What is needed » Please repeat, exactly and without pictures, the lines of the entries below that run from the one containing "Instead I opted" through the one containing "- Exploring California’s".
*** Supplied material Section Begins ***
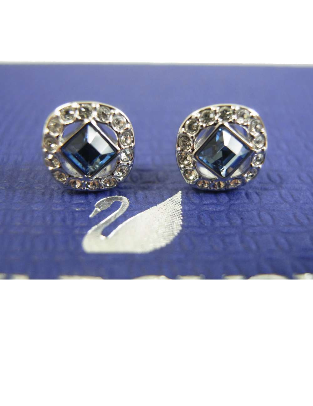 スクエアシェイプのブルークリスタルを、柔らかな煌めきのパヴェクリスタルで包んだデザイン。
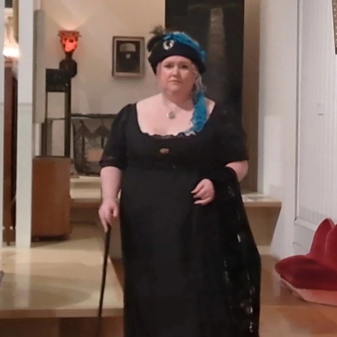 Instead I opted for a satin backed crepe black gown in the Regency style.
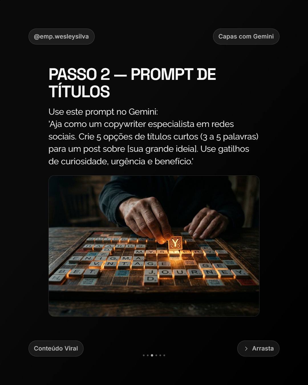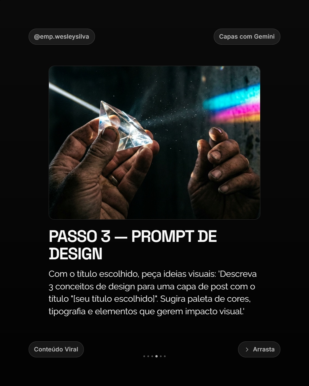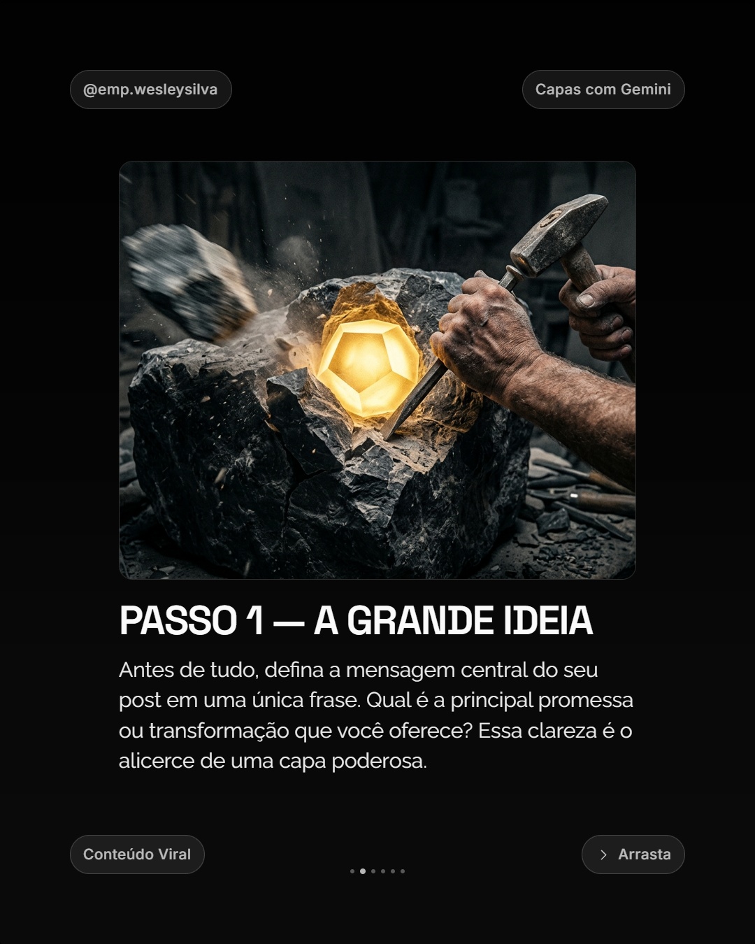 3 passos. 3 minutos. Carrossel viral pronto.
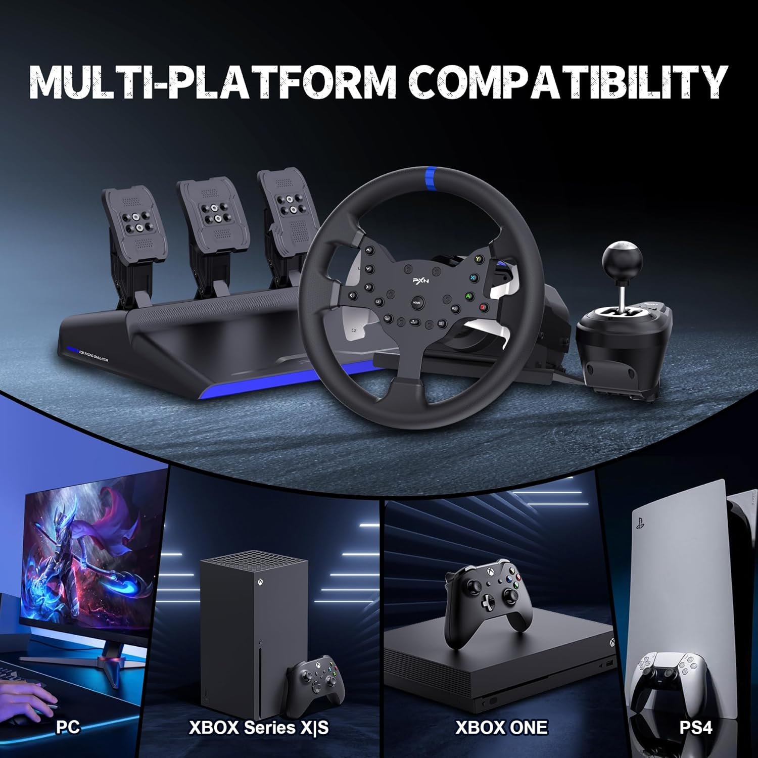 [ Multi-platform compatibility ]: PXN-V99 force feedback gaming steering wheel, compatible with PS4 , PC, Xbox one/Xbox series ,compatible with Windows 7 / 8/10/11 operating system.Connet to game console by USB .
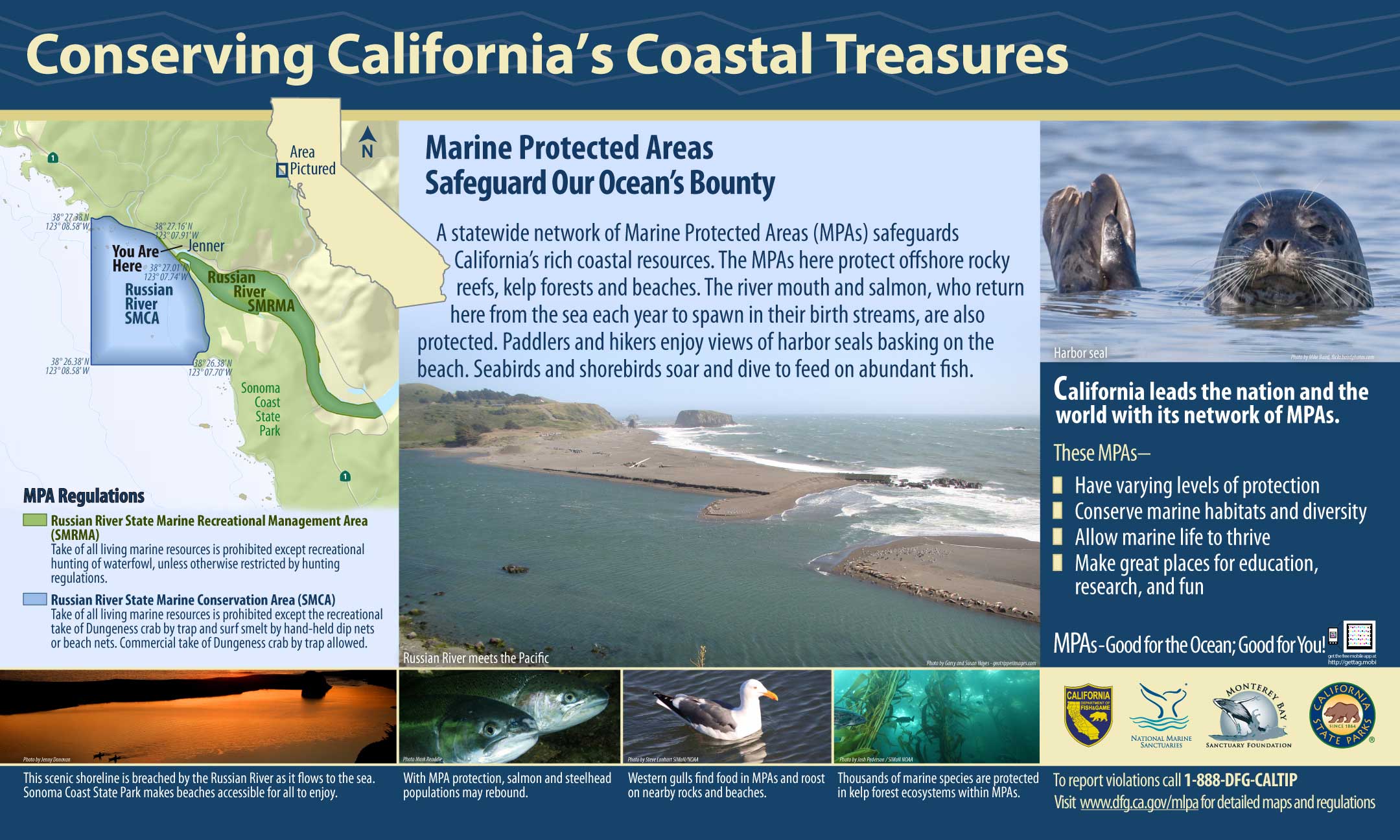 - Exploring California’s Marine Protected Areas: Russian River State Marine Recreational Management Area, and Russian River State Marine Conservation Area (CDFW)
*** Supplied material Section Ends ***
*** Supplied material Section Begins ***
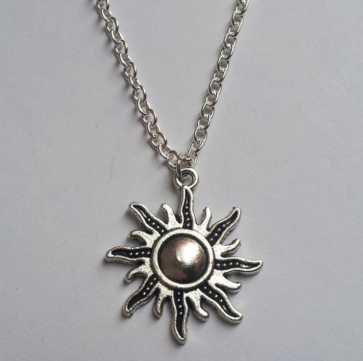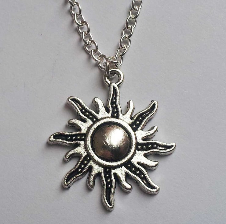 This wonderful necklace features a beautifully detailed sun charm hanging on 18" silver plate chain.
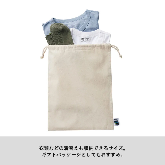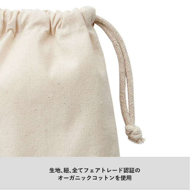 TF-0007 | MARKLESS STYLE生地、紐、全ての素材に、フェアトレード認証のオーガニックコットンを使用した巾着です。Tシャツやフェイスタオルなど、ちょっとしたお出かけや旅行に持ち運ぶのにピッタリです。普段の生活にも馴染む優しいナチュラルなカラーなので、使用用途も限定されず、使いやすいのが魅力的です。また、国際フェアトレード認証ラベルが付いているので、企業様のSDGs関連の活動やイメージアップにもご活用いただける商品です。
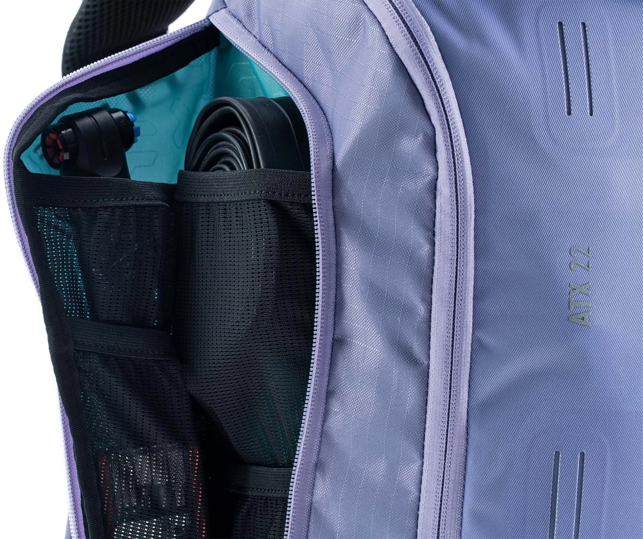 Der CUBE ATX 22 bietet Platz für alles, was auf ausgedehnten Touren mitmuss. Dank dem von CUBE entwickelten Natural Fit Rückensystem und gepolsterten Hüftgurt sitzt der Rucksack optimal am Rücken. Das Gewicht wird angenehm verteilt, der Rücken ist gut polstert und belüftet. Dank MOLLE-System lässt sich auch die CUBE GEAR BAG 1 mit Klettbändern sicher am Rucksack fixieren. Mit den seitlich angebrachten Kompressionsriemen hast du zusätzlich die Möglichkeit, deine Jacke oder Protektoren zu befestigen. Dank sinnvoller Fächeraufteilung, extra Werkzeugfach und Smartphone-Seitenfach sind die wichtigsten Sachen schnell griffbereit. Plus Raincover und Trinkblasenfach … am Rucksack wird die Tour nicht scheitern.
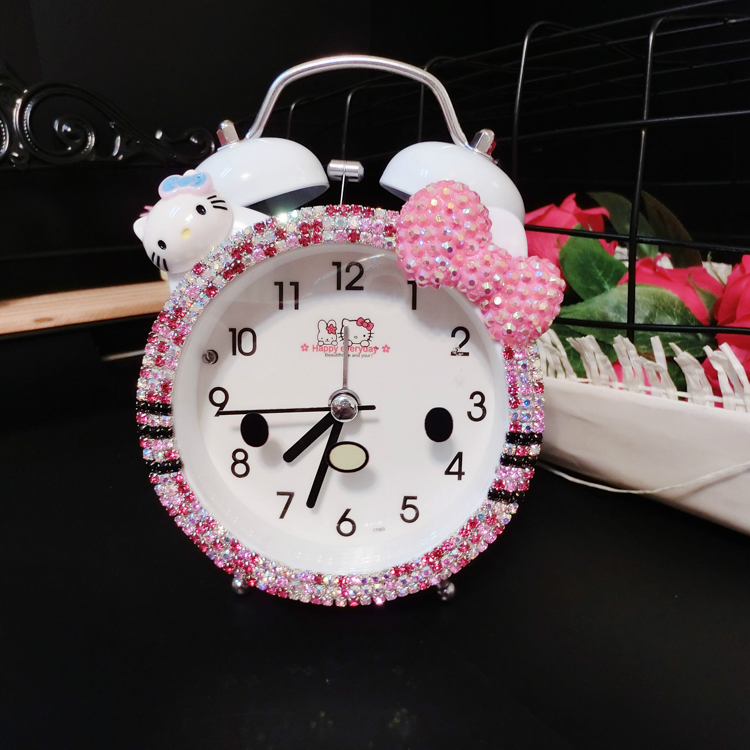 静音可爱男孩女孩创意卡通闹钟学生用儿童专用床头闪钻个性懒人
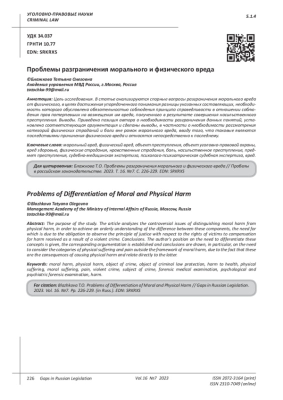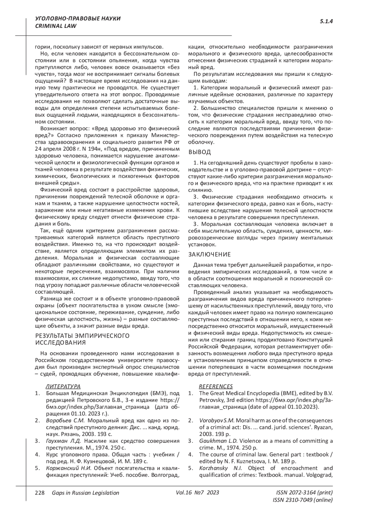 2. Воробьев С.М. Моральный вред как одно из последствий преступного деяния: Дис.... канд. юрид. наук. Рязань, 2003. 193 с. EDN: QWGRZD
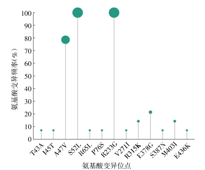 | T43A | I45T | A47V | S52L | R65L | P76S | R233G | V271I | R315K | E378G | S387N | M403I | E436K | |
*** Supplied material Section Ends ***
*** Supplied material Section Begins ***
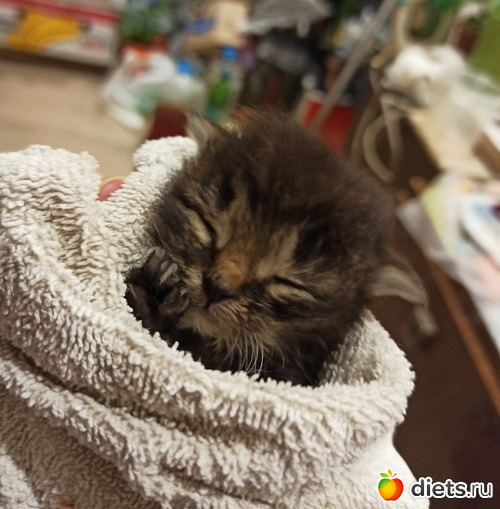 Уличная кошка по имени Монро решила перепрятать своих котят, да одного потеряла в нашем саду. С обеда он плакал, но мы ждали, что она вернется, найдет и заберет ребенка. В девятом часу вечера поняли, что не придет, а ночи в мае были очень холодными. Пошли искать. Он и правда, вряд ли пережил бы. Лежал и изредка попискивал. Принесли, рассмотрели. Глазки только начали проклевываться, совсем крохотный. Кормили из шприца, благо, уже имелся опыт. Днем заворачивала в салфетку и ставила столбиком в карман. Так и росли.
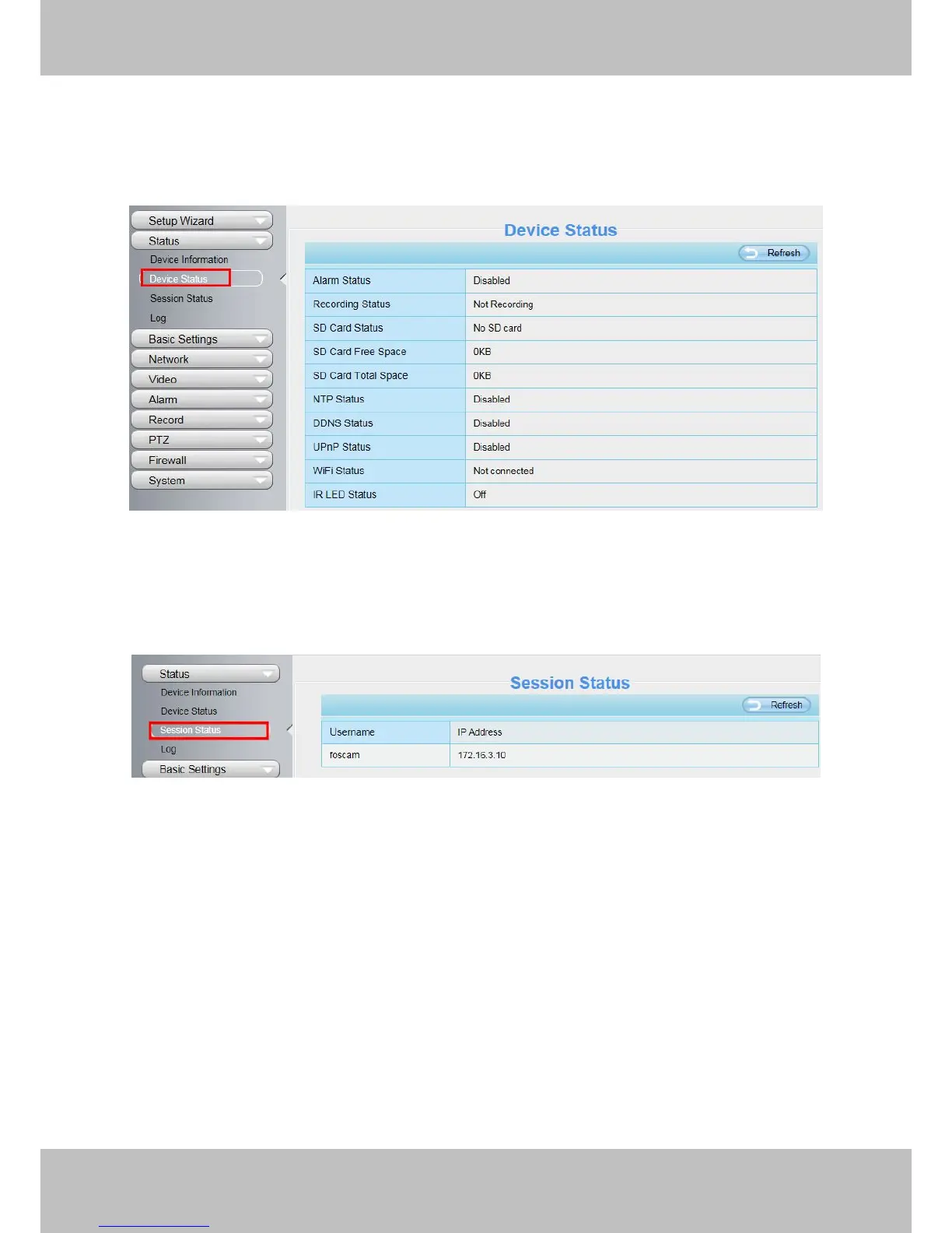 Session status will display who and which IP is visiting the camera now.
*** Supplied material Section Ends ***
Answer to this task »
 Instead I opted for a satin backed crepe black gown in the Regency style.
 3 passos. 3 minutos. Carrossel viral pronto.
 [ Multi-platform compatibility ]: PXN-V99 force feedback gaming steering wheel, compatible with PS4 , PC, Xbox one/Xbox series ,compatible with Windows 7 / 8/10/11 operating system.Connet to game console by USB .
 - Exploring California’s Marine Protected Areas: Russian River State Marine Recreational Management Area, and Russian River State Marine Conservation Area (CDFW)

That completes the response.